= Workforce nationalization =

Type of government initiative

Workforce nationalization is a government initiative that can be described as the recruitment and employee development to encourage or often require the employment of native-born population in certain jobs or industry sectors, thus reducing a country‘s dependency on an expatriate workforce. These efforts have been defined as a multi-level process through which reliance on the expatriate workforce is reduced and native-born population is prepared to take up jobs performed by expatriates. Such preparation enables native-born employees to perform their jobs equally as well as, if not better than, expatriates in the shortest possible period.

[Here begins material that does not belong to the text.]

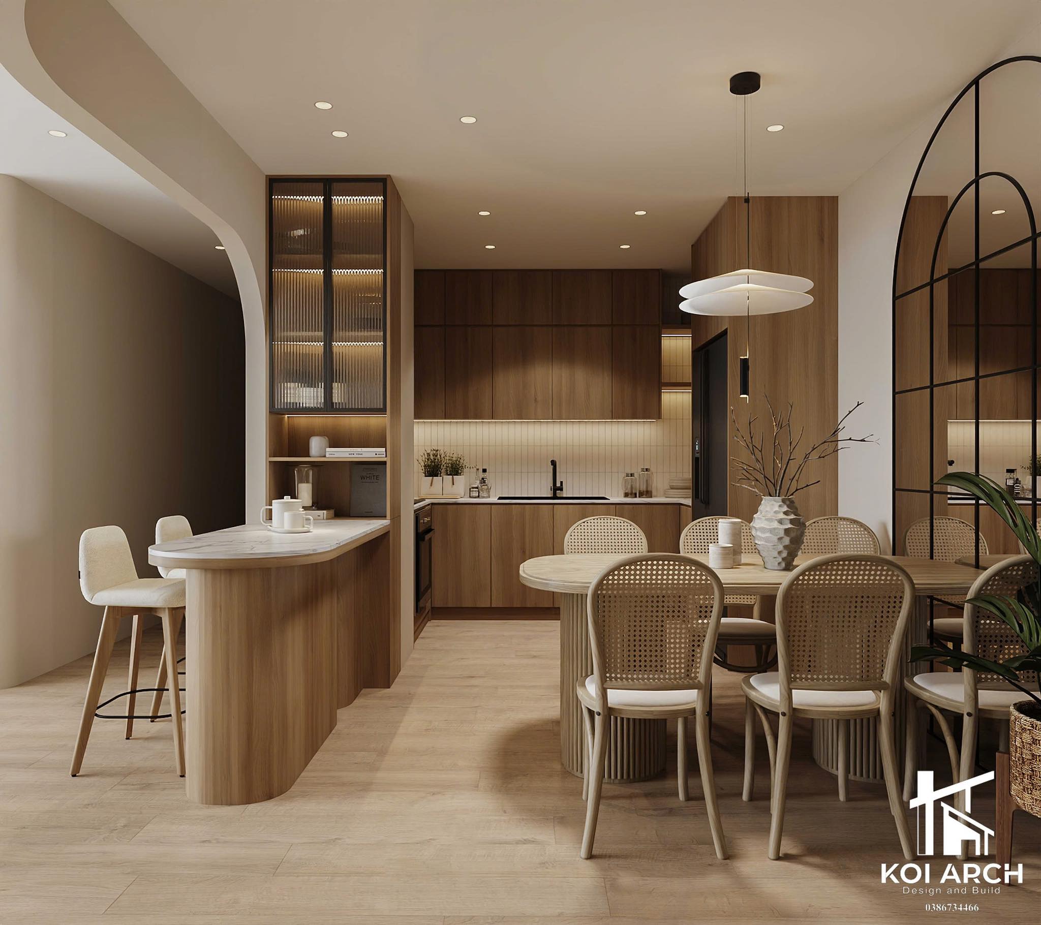 Các món đồ nội thất được tiết chế một cách tối đa, chỉ giữ lại những vật dụng cơ bản và thiết yếu. Những đồ dùng như bàn, ghế, tủ, bếp cũng được thiết kế đơn giản, không rườm rà, đề cao sự hòa hợp với tổng thể không gian thiết kế tối giản.
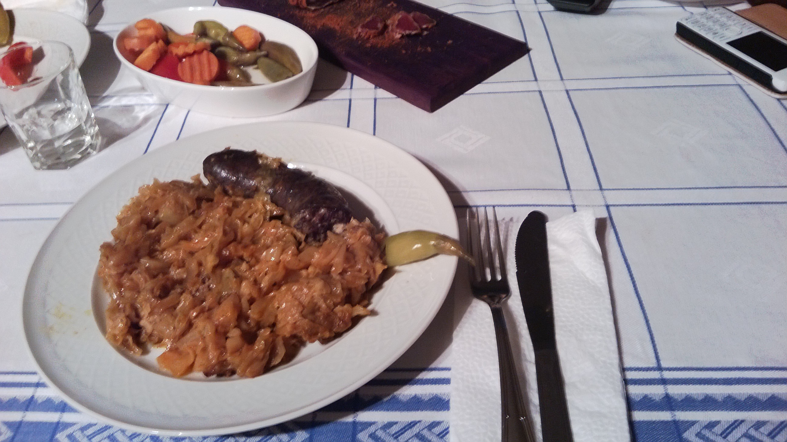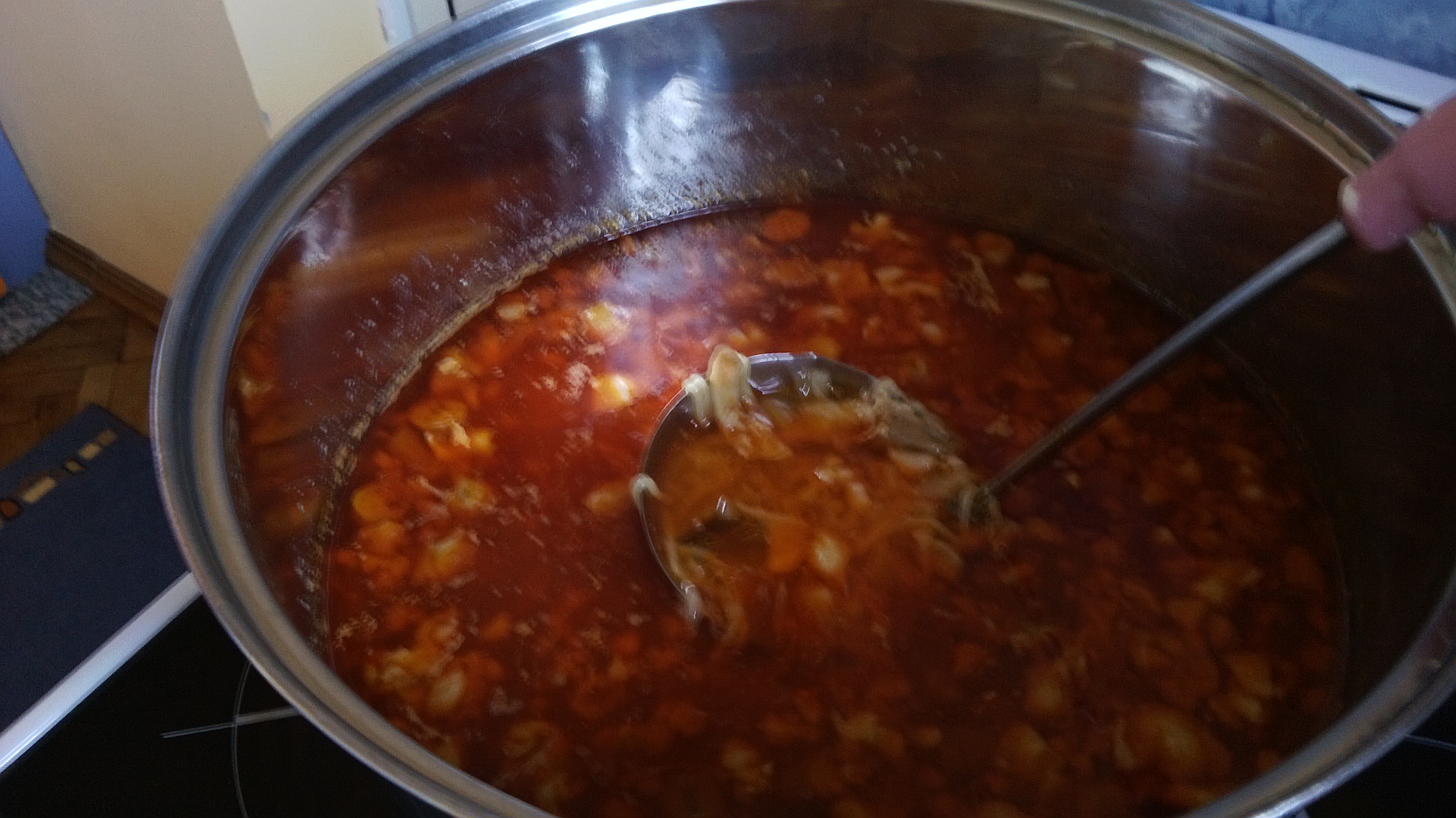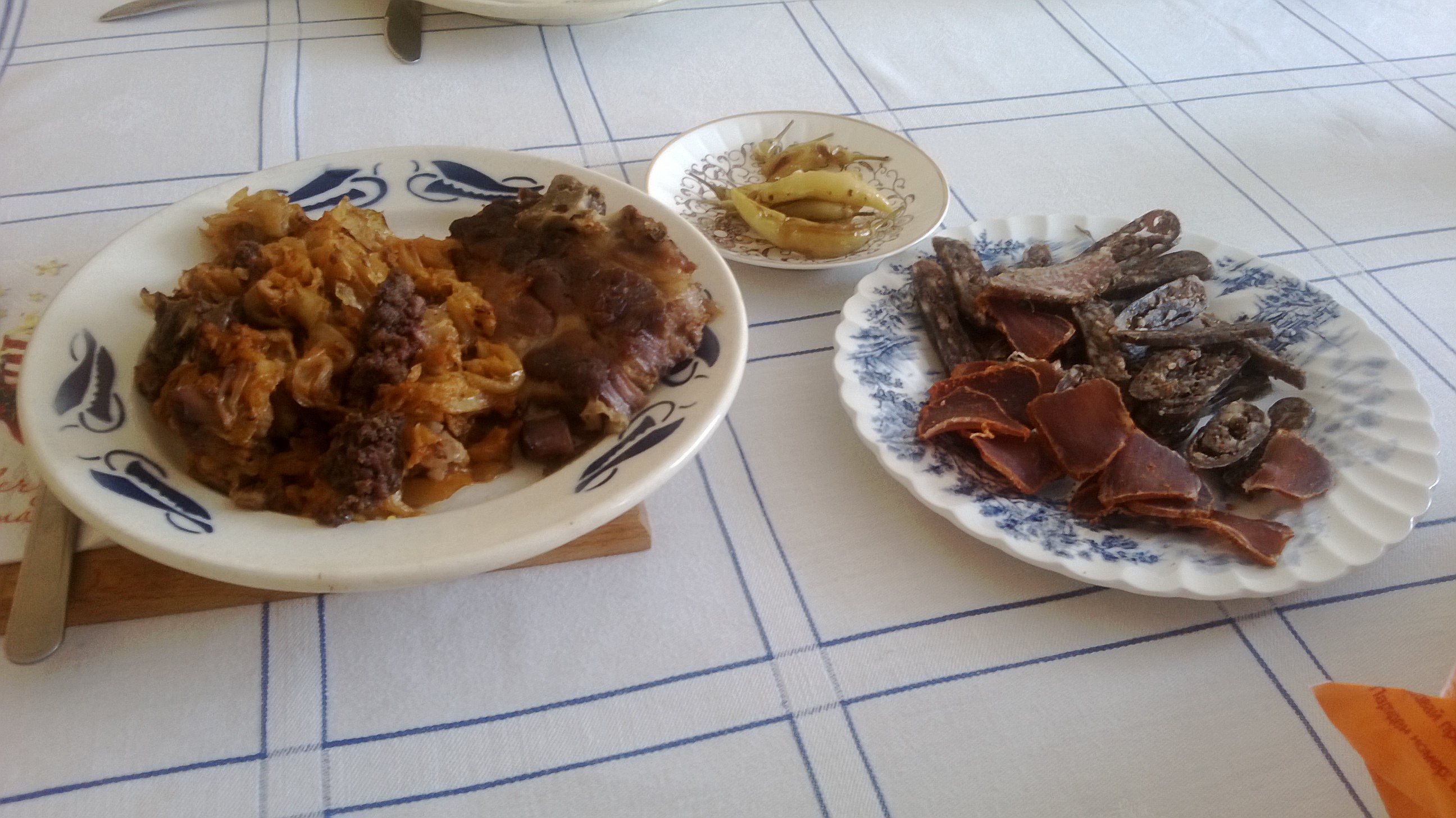 Агнешка чорбичка застроена с краве масло и червен пипер зеле с домашна наденичка гъби припанки и леща ....няма време за сервиране

Establishing a skilled native-born workforce is one of the most critical challenges facing countries of the Gulf Cooperation Council (GCC) from an economic security and a social inclusion perspective. Integration of skilled native-born workforce and reduction of dependence on the expatriate workers has been on the top of agendas of the GCC states. Furthermore, continued economic growth and industrial diversification demand a qualified and competent local workforce. With a growing population of young nationals graduating every year, there is an urgent need to integrate them into the job market especially in the private sector to strike the right balance in representing local talent in the workforce. To meet those challenges, governments adopted human resources development strategies (also known as Bahrainization, Emiratisation, Kuwaitization, Omanization, Qatarization, and Saudization) that target the employment of native-born workforce through various incentives, regulations, policies, educational reforms, and economic diversification plans.

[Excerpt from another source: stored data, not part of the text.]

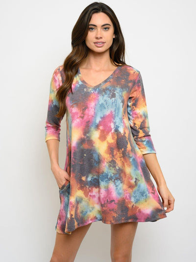 WOMEN'S 3/4 SLEEVE TIE DYE TUNIC MINI DRESS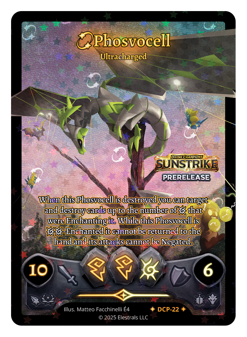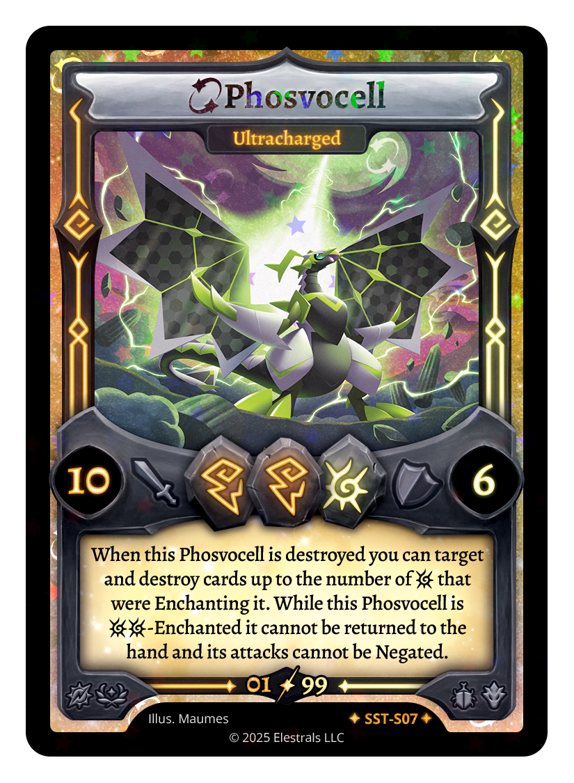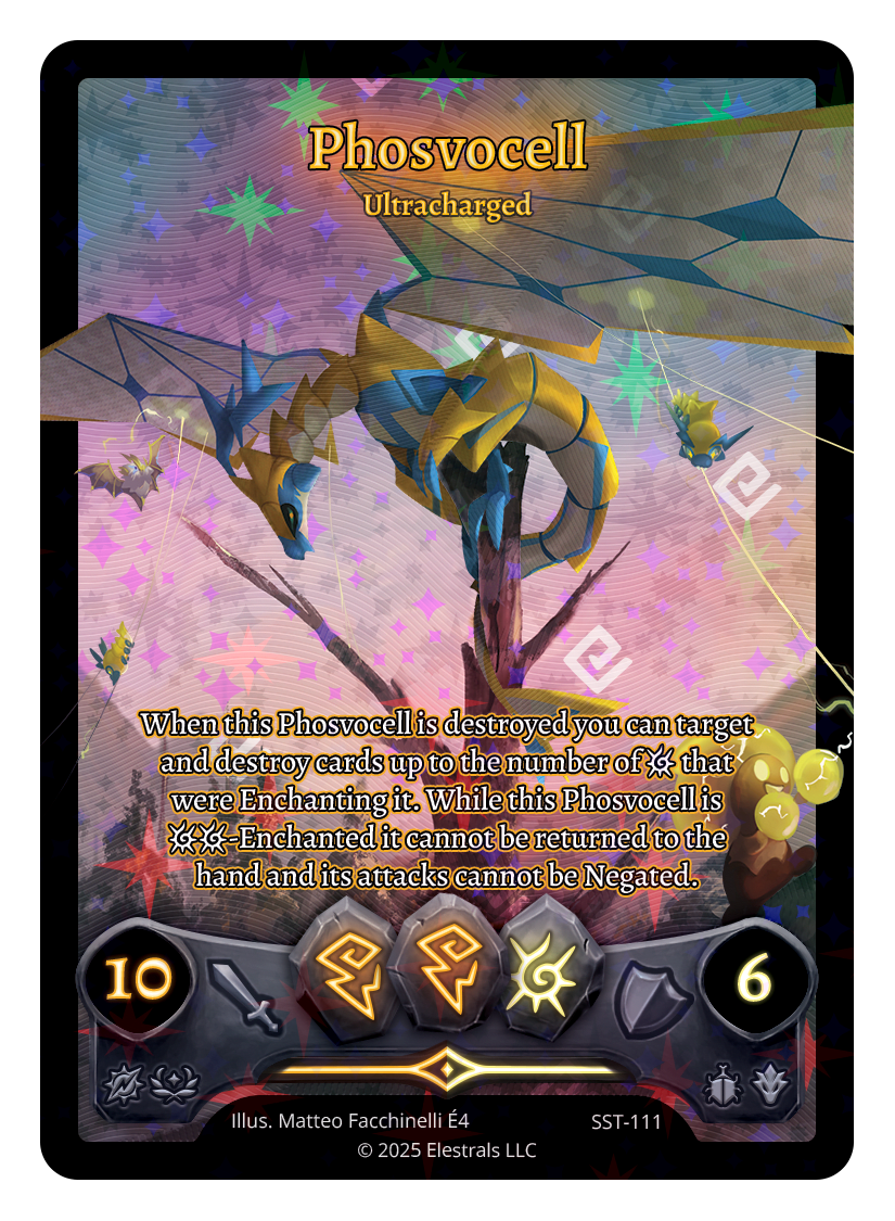 When this Phosvocell is destroyed you can target and destroy cards up to the number of {L} that were Enchanting it. While this Phosvocell is {LL}-Enchanted it cannot be returned to the hand and its attacks cannot be Negated.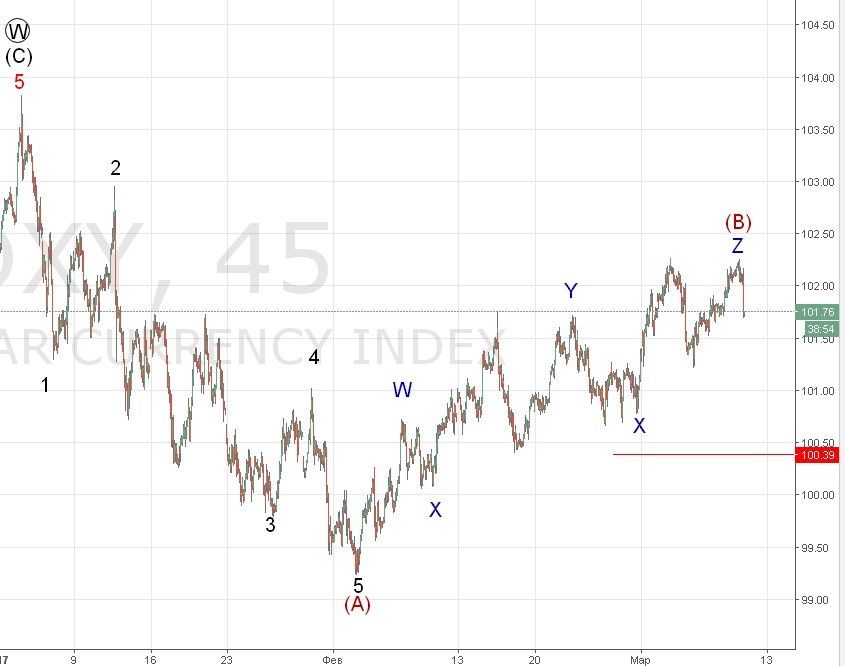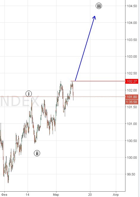 2) Альтернативная. Мы пойдем на новые максимумы выше 104 , и только после этого на 92-94. Уровень 100.67 — отмена сценария , новый максимум 102.27 один из уровней подтверждения.

Some forward-thinking organizations realized the benefit of workforce nationalization early on. . GCC states mandated their respective ministries of labor to establish employment quotas for different sectors to employ native-born workers. Failing to achieve these quotas can result in penalties and not being able to win government projects for example. There are different local bodies that are in place and are being set up to provide career advice, coaching, training and development mostly for recent graduates in order to accelerate their careers in the private sector. Each country has set its own nationalization quota focusing predominantly on banks, insurance firms, and commercial companies. Enforcing workforce nationalization in the GCC led to most of the business contracts or agreements with major companies outlining legal requirements for “Workforce Nationalization”, “Local Content”, “Localization” or “Technology and Knowledge Transfer”.

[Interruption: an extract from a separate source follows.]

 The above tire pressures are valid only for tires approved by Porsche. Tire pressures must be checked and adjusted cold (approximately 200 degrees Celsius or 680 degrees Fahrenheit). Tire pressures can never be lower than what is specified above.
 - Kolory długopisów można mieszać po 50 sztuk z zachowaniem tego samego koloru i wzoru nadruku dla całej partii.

Most of the efforts to enforce workforce nationalization have had mixed success thus far in their sustained implementation for a variety of reasons. According to Ms Randa Bahsoun, Partner – People & Organization Practice, PwC, the Middle East four main challenges in the workforce nationalization, “Balancing workforce nationalization efforts while leveraging experienced expatriate talent; public pressure to reduce local unemployment especially in the backdrop of low oil prices; skill shortages and increased global competition; and integration of women and millennials into the workforce at middle senior management levels.” Another level of challenges stems from the fact that there is little to no systematic approach or framework to dealing with challenges arising from the need for workforce nationalization. Rare and few points of view on the topic of workforce nationalization come from specialized advisories and thought leaders in this space such as Agile Dynamics "Workforce nationalization framework".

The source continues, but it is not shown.